The records that follow are to be repeated exactly, with the pictures removed.

-- AVAILABLE RECORDS follows --

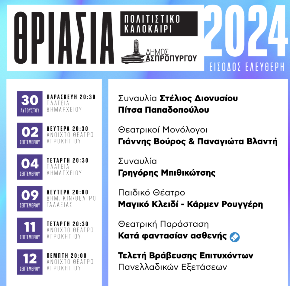 Με ένα πλούσιο πρόγραμμα γεμάτο συναυλίες, θεατρικές παραστάσεις και άλλες πολιτιστικές δράσεις, το φεστιβάλ “Θριάσια 2024” του Δήμου Ασπροπύργου στοχεύει να μετατρέψει την πόλη σε ένα επίκεντρο πολιτισμού.
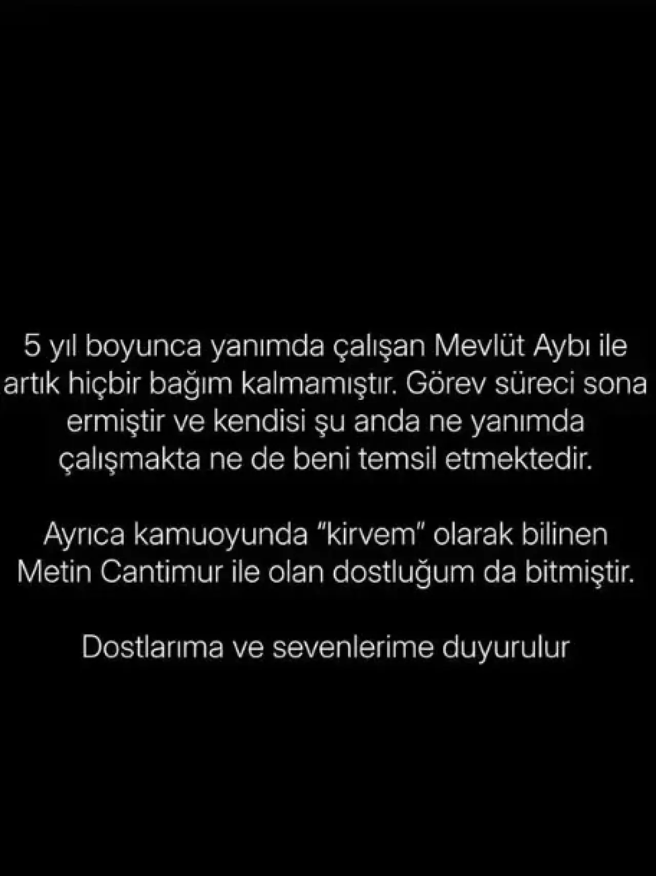 “5 yıl boyunca yanımda çalışan Mevlüt Aybı ile artık hiçbir bağım kalmamıştır. Görev süreci sona ermiştir ve kendisi şu anda ne yanımda çalışmakta ne de beni temsil etmektedir. Ayrıca kamuoyunda 'kirvem' olarak bilinen Metin Cantimur ile olan dostluğum da bitmiştir. Dostlarıma ve sevenlerime duyurulur.”
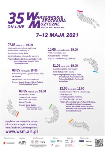 Wszystkie koncerty będą transmitowane w internecie. Dostęp do transmisji jest bezpłatny. Tam, gdzie wstęp na koncerty będzie możliwy, także będzie bezpłatny. Aktualne informacje o możliwości wstępu na koncerty będą zamieszczane na stronie internetowej Festiwalu www.wsm.art.pl.
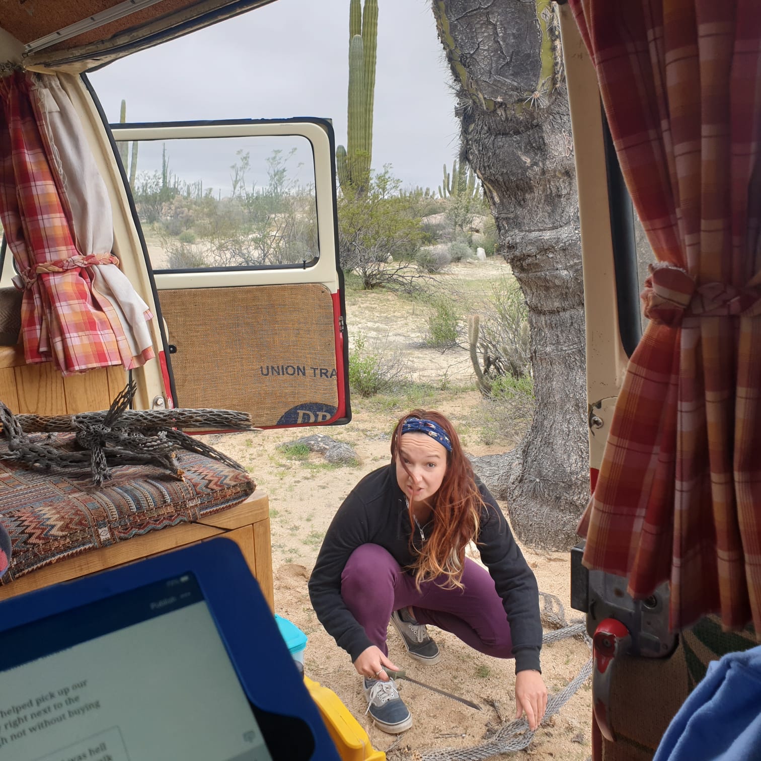 Having seen Lesley make a pretty awesome succulent holder out of a skeletal piece of cactus in San Diego, I wanted my own. Lee left me to my own devices while I spent a while picking through spiky rotting plants. In the end though, I had my trophies. Lee looked on a little doubtfully while I set about cutting them down to camper size...
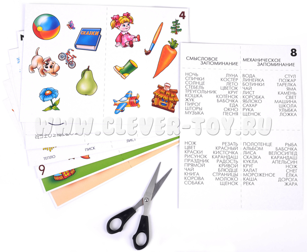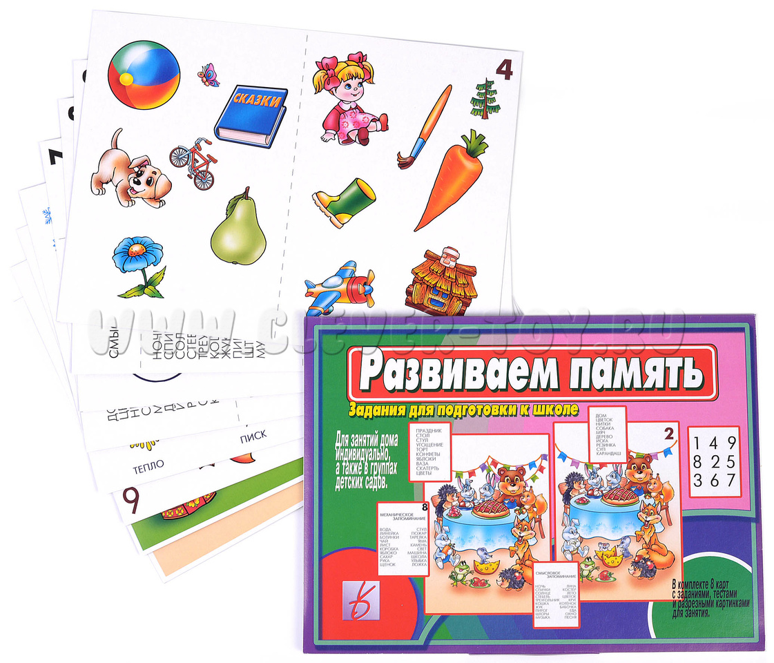 В комплекте удобная папка для хранения и 8 карт с заданиями, каждое на отдельном листе. Все задания направлены на запоминание и воспроизведение полученной информации (зрительные и отвлеченные образы, связь между запоминаемым словом и опорной картинкой и т.д.). Рекомендуются ежедневные занятия длительностью не более 15-20 минут.

-- AVAILABLE RECORDS concluded --

* RESPONSE TO THE EXERCISE *
 Με ένα πλούσιο πρόγραμμα γεμάτο συναυλίες, θεατρικές παραστάσεις και άλλες πολιτιστικές δράσεις, το φεστιβάλ “Θριάσια 2024” του Δήμου Ασπροπύργου στοχεύει να μετατρέψει την πόλη σε ένα επίκεντρο πολιτισμού.
 “5 yıl boyunca yanımda çalışan Mevlüt Aybı ile artık hiçbir bağım kalmamıştır. Görev süreci sona ermiştir ve kendisi şu anda ne yanımda çalışmakta ne de beni temsil etmektedir. Ayrıca kamuoyunda 'kirvem' olarak bilinen Metin Cantimur ile olan dostluğum da bitmiştir. Dostlarıma ve sevenlerime duyurulur.”
 Wszystkie koncerty będą transmitowane w internecie. Dostęp do transmisji jest bezpłatny. Tam, gdzie wstęp na koncerty będzie możliwy, także będzie bezpłatny. Aktualne informacje o możliwości wstępu na koncerty będą zamieszczane na stronie internetowej Festiwalu www.wsm.art.pl.
 Having seen Lesley make a pretty awesome succulent holder out of a skeletal piece of cactus in San Diego, I wanted my own. Lee left me to my own devices while I spent a while picking through spiky rotting plants. In the end though, I had my trophies. Lee looked on a little doubtfully while I set about cutting them down to camper size...
 В комплекте удобная папка для хранения и 8 карт с заданиями, каждое на отдельном листе. Все задания направлены на запоминание и воспроизведение полученной информации (зрительные и отвлеченные образы, связь между запоминаемым словом и опорной картинкой и т.д.). Рекомендуются ежедневные занятия длительностью не более 15-20 минут.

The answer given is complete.